Are [18F]FDG PET/CT imaging and cell blood count-derived biomarkers robust non-invasive surrogates for tumor-infiltrating lymphocytes in early-stage breast cancer?
Authors
Affiliations (7)
Affiliations (7)
- Department of Nuclear Medicine and Endocrine Oncology, Institut Curie, 92210, Saint-Cloud, France. [email protected].
- Laboratoire d'Imagerie Translationnelle en Oncologie, Inserm U1288, Institut Curie, PSL University, Paris Saclay University, 91400, Orsay, France. [email protected].
- Laboratoire d'Imagerie Translationnelle en Oncologie, Inserm U1288, Institut Curie, PSL University, Paris Saclay University, 91400, Orsay, France.
- Department of Pathology, Institut Curie, 75005, Paris, France.
- Department of Medical Oncology, Institut Curie, UVSQ/Paris-Saclay University, 92210, Saint-Cloud, France.
- Circulating Tumor Biomarkers Laboratory, Inserm CIC 1428, Institut Curie, 75005, Paris, France.
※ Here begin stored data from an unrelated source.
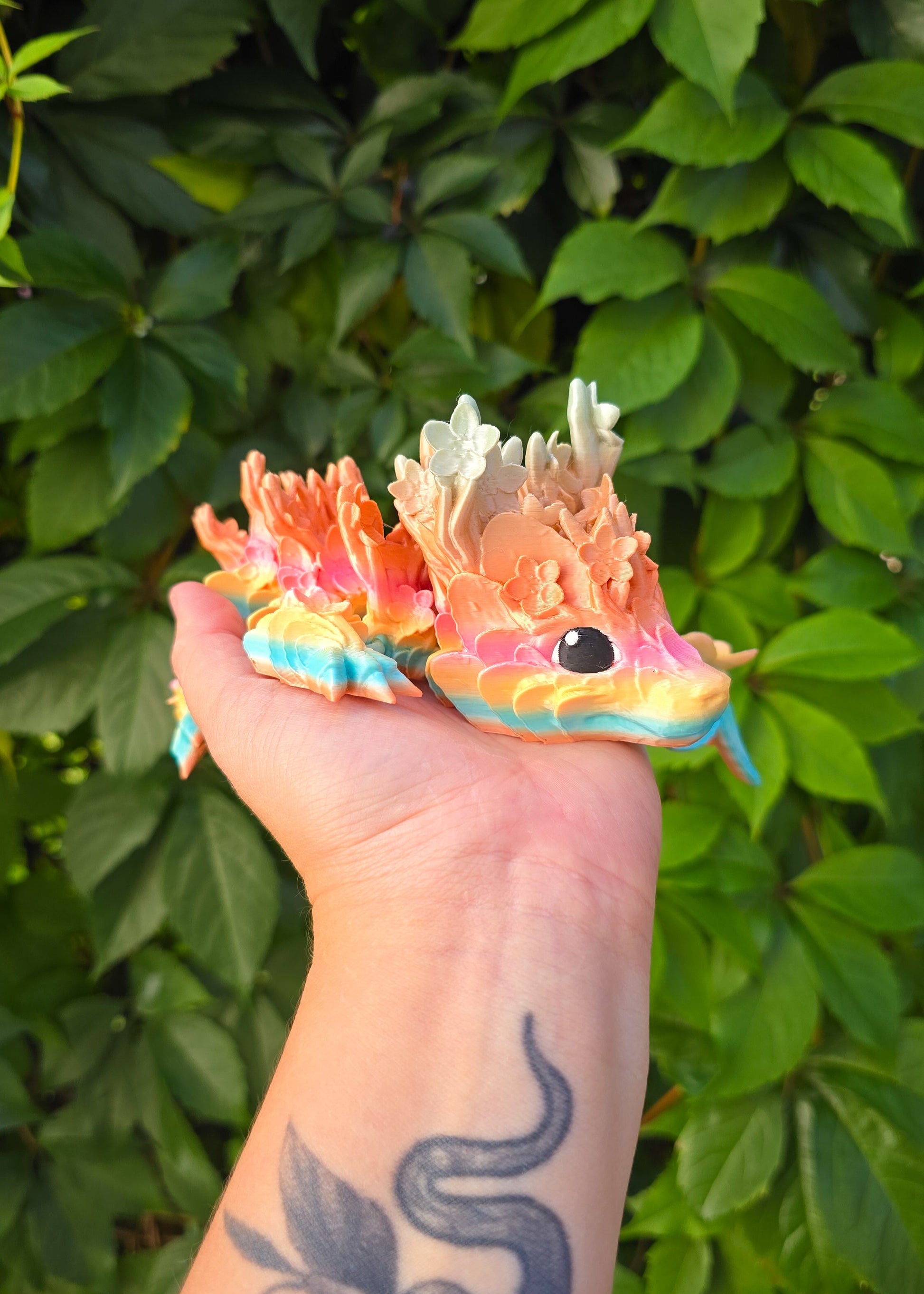 Odkryj mistyczną figurkę 3D smoka z pięknymi elementami drzewa wiśniowego, która łączy w sobie siłę i delikatność natury! Smok ozdobiony jest subtelnymi kwiatami wiśni, symbolizującymi ulotne piękno i harmonię. Dzięki precyzyjnej technologii druku 3D, każda część figurki, od jego łusek po delikatne kwiaty, została starannie odwzorowana. Idealna jako ozdoba lub niepowtarzalny prezent dla miłośników smoków i japońskiej estetyki!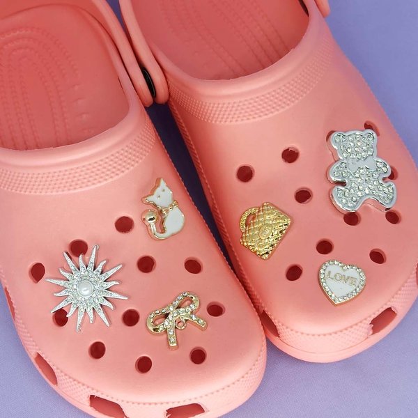 Feitos em plástico ABS de alta qualidade, os apliques possuem encaixe padrão para babuches com furos (como Crocs). Fáceis de aplicar e super resistentes, são perfeitos para customizações criativas.
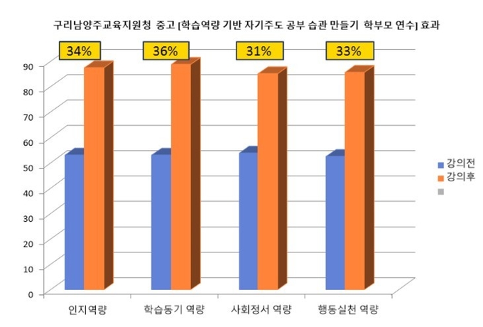 특히 4회차 전체 연수에서 만족도가 98% 이상으로 나타났으며, 중·고등 학부모를 대상으로 실시한 사전·사후 인식 조사 결과 학습역량 4개 영역 모두에서 30% 이상 향상되어 연수의 효과가 뚜렷하게 확인됐다.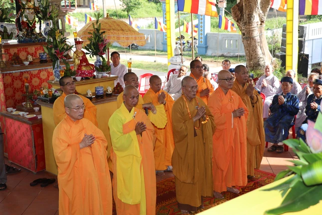 Chứng minh và tham dự buổi lễ có sự hiện diện của Trưởng lão Hòa thượng Thích Giác Quang, trụ trì tổ đình Bảo Lâm (Huế); Hòa thượng Thích Chơn Tế, trụ trì tổ đình Tường Vân (Huế); Hòa thượng Thích Đức Thanh, trụ trì tổ đình Báo Quốc (Huế); Hòa thượng Thích Thiện Tấn, Trưởng ban Trị sự GHPGVN tỉnh Quảng Trị; Hòa thượng Thích Chánh Huyền, Chứng minh Ban Trị sự GHPGVN tỉnh Quảng Trị; Hòa thượng Thích Quán Chơn, trụ trì chùa Quy Thiện, Từ Ân (Huế); Hòa thượng Thích Thanh Đàm, trụ trì tổ đình Thiền Tôn (Huế); Hòa thượng Thích Nguyên Giác, trụ trì Quảng Hương Già Lam (TP.HCM), Hòa thượng Thích Giác Đạo, trụ trì tổ đình Kim Tiên (Huế), cùng chư tôn đức làng Trung Kiên, tỉnh Quảng Trị và đông đảo Phật tử...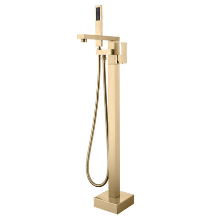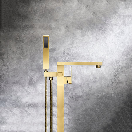 Elevate Your Bathing Experience with our Polished Gold High-Quality Freestanding Bathtub Faucet Tub Filler: Crafted with Heavy Brass, Swivel Spout, and Multipurpose Hand Shower.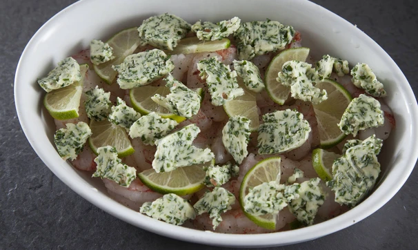 Креветки с зеленым маслом и лаймом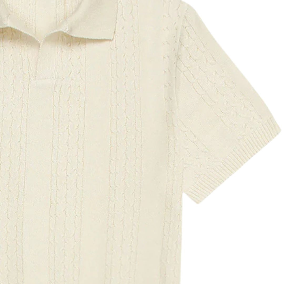 เสื้อโปโลถักลายเคเบิลสำหรับผู้ชาย ผ้าคอตตอนพรีเมียม แขนสั้น ทรงคลาสสิก สวมใส่สบาย สไตล์ลำลองและสมาร์ท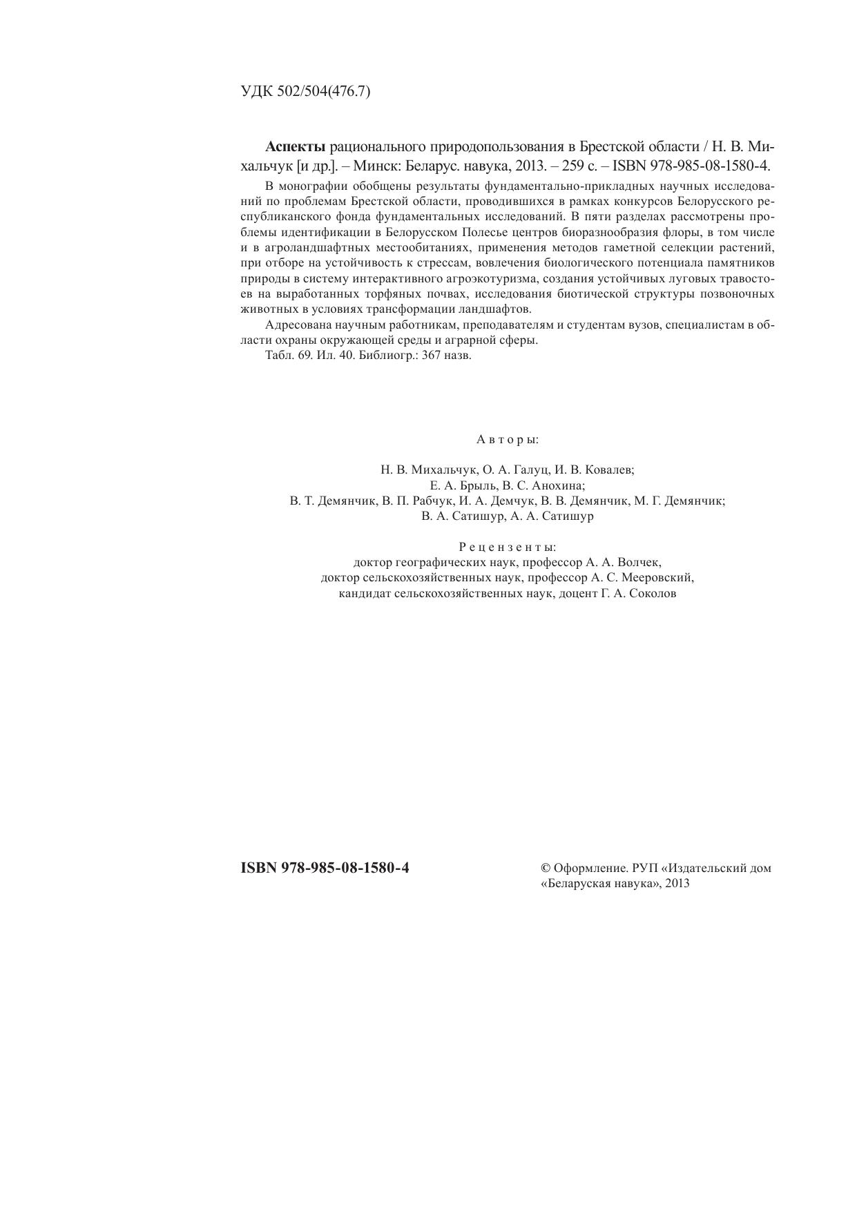 В монографии обобщены результаты фундаментальноприкладных научных исследований по проблемам Брестской области, проводившихся в рамках конкурсов Белорусского республиканского фонда фундаментальных исследований. В пяти разделах рассмотрены проблемы идентификации в Белорусском Полесье центров биоразнообразия флоры, в том числе и в агроландшафтных местообитаниях, применения методов гаметной селекции растений, при отборе на устойчивость к стрессам, вовлечения биологического потенциала памятников природы в систему интерактивного агроэкотуризма, создания устойчивых луговых травостоев на выработанных торфяных почвах, исследования биотической структуры позвоночных животных в условиях трансформации ландшафтов. Адресована научным работникам, преподавателям и студентам вузов, специалистам в области охраны окружающей среды и аграрной сферы.

- Department of Nuclear Medicine and Endocrine Oncology, Institut Curie, 92210, Saint-Cloud, France.
Abstract
Tumor-infiltrating lymphocytes (TILs) are key immune biomarkers associated with prognosis and treatment response in early-stage breast cancer (BC), particularly in the triple-negative subtype. This study aimed to evaluate whether [18F]FDG PET/CT imaging and routine cell blood count (CBC)-derived biomarkers can serve as non-invasive surrogates for TILs, using machine-learning models. We retrospectively analyzed 358 patients with biopsy-proven early-stage invasive BC who underwent pre-treatment [18F]FDG PET/CT imaging. PET-derived biomarkers were extracted from the primary tumor, lymph nodes, and lymphoid organs (spleen and bone marrow). CBC-derived biomarkers included neutrophil-to-lymphocyte ratio (NLR) and platelet-to-lymphocyte ratio (PLR). TILs were assessed histologically and categorized as low (0-10%), intermediate (11-59%), or high (≥ 60%). Correlations were assessed using Spearman's rank coefficient, and classification and regression models were built using several machine-learning algorithms. Tumor SUVmax and tumor SUVmean showed the highest correlation with TIL levels (ρ = 0.29 and 0.30 respectively, p < 0.001 for both), but overall associations between TILs and PET or CBC-derived biomarkers were weak. No CBC-derived biomarker showed significant correlation or discriminative performance. Machine-learning models failed to predict TIL levels with satisfactory accuracy (maximum balanced accuracy = 0.66). Lymphoid organ metrics (SLR, BLR) and CBC-derived parameters did not significantly enhance predictive value. In this study, neither [18F]FDG PET/CT nor routine CBC-derived biomarkers reliably predict TILs levels in early-stage BC. This observation was made in presence of potential scanner-related variability and for a restricted set of usual PET metrics. Future models should incorporate more targeted imaging approaches, such as immunoPET, to non-invasively assess immune infiltration with higher specificity and improve personalized treatment strategies.